Wednesday, July 7, 2010

Isodontia Philadelphica - Grass Carrying Wasp

We saw this very unusual looking wasp today at the Niguel Botanical Preserve. The picture is not mine, unfortunately, I didn't have a camera with me.

© Copyright John Ascher, 2006-2010

It was one of those "What on earth is that!?!" sightings. Its thread-like waist was just so unusual, I stopped to get a closer look to make sure I was seeing it correctly. I thought maybe it was injured somehow, half eaten. Its abdomen was pulsing.

After some research, I believe it's a Grass Carrying Wasp. It is a solitary wasp that builds grass nests with several tube-like compartments which it provisions with live, paralyzed insects for its larvae to feast on.

Here is an image of the related mud-dauber wasp's nest.

Here's what the Handbook of Nature Study says:

The wasp in some mysterious way knows how to thrust her sting into the spider's nervous system in a peculiar way which renders her victim unable to move, although it yet lives.
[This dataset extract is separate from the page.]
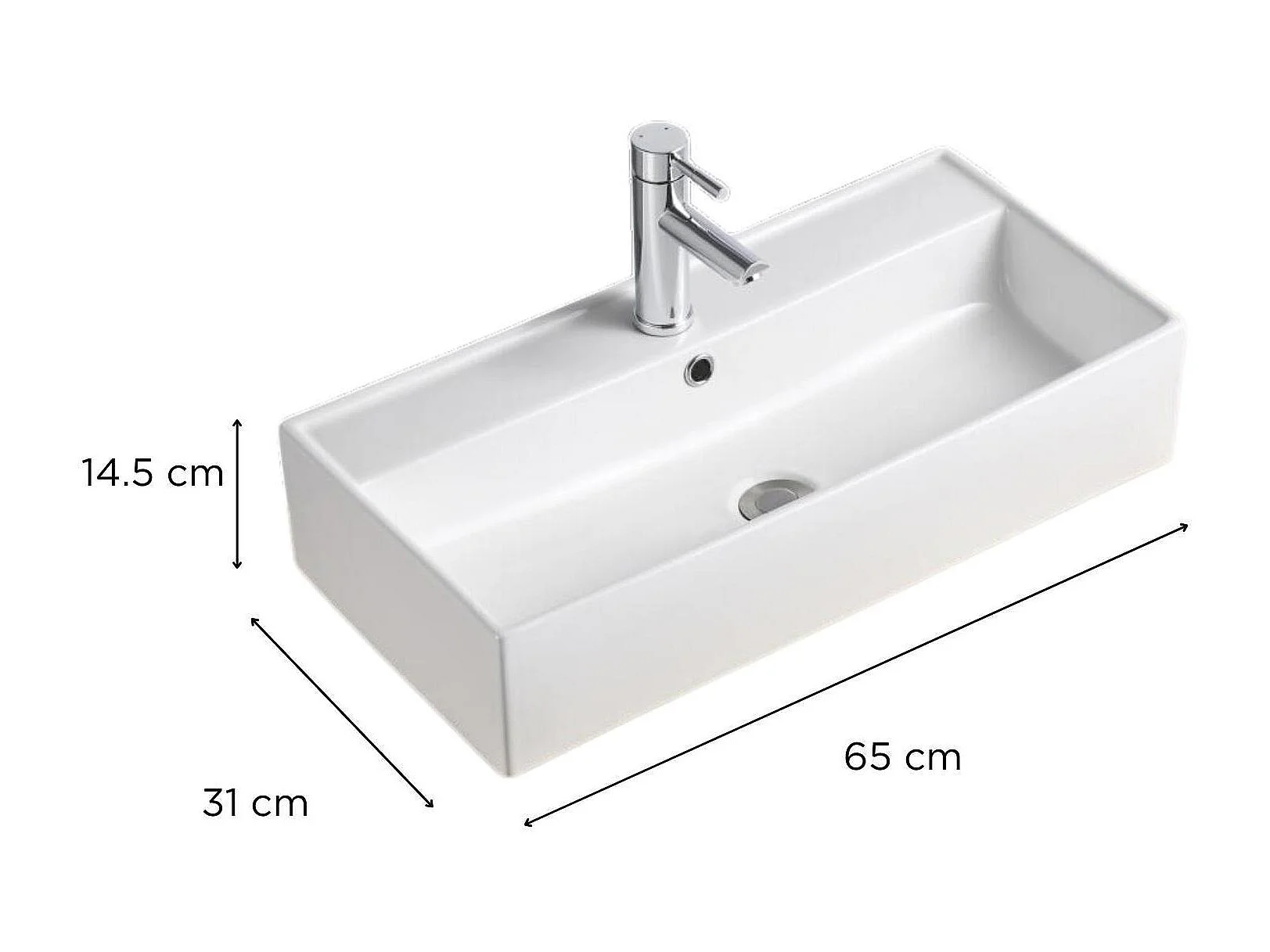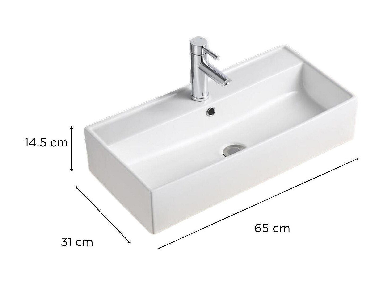 ZOE 65x31cm rechteckiges Aufsatzwaschbecken aus weißer Keramik

Yuck! Is what you may be thinking.

But isn't it fascinating? That as we are going about our busy lives, right here in our town, unbeknown to us is this strange little creature who builds a structure so intricate, who knows to hunt and sting in a precise spot to paralyze not kill, who knows just how many insects her larvae will need, and knows to begin building and hunting in perfect time to lay its eggs.

So do we say to our children "Yuck! Don't go near it!" or do we say, "Let's have a look!"

It's in these little observations that I've found opportunities for our kids to learn a thing or two about the character of God; His intricate detail and attention to even the littlest creatures. Fallen though this world may be, He provides an abundant glimpse of His glory right before us all if we care to look.

For now we see through a glass, darkly; but then face to face: now I know in part; but then shall I know even as also I am known. ~1 Cor 13:12

There is much to marvel at. Mason's methods have convinced me of that. Won't it do the same for our children? If we teach them the secret paths where there are glimpses of His nature will they not delight in His ways? These simple observations in nature, or beautiful paintings, thoughtful poems, lovely music, handcrafts, stories of old, and interesting discussions, will they not continue to be a source of joy and fascination for them? And when difficulty and uncertainty arises in their lives, as it most certainly will, will they not find some solace in them as they struggle to make it through?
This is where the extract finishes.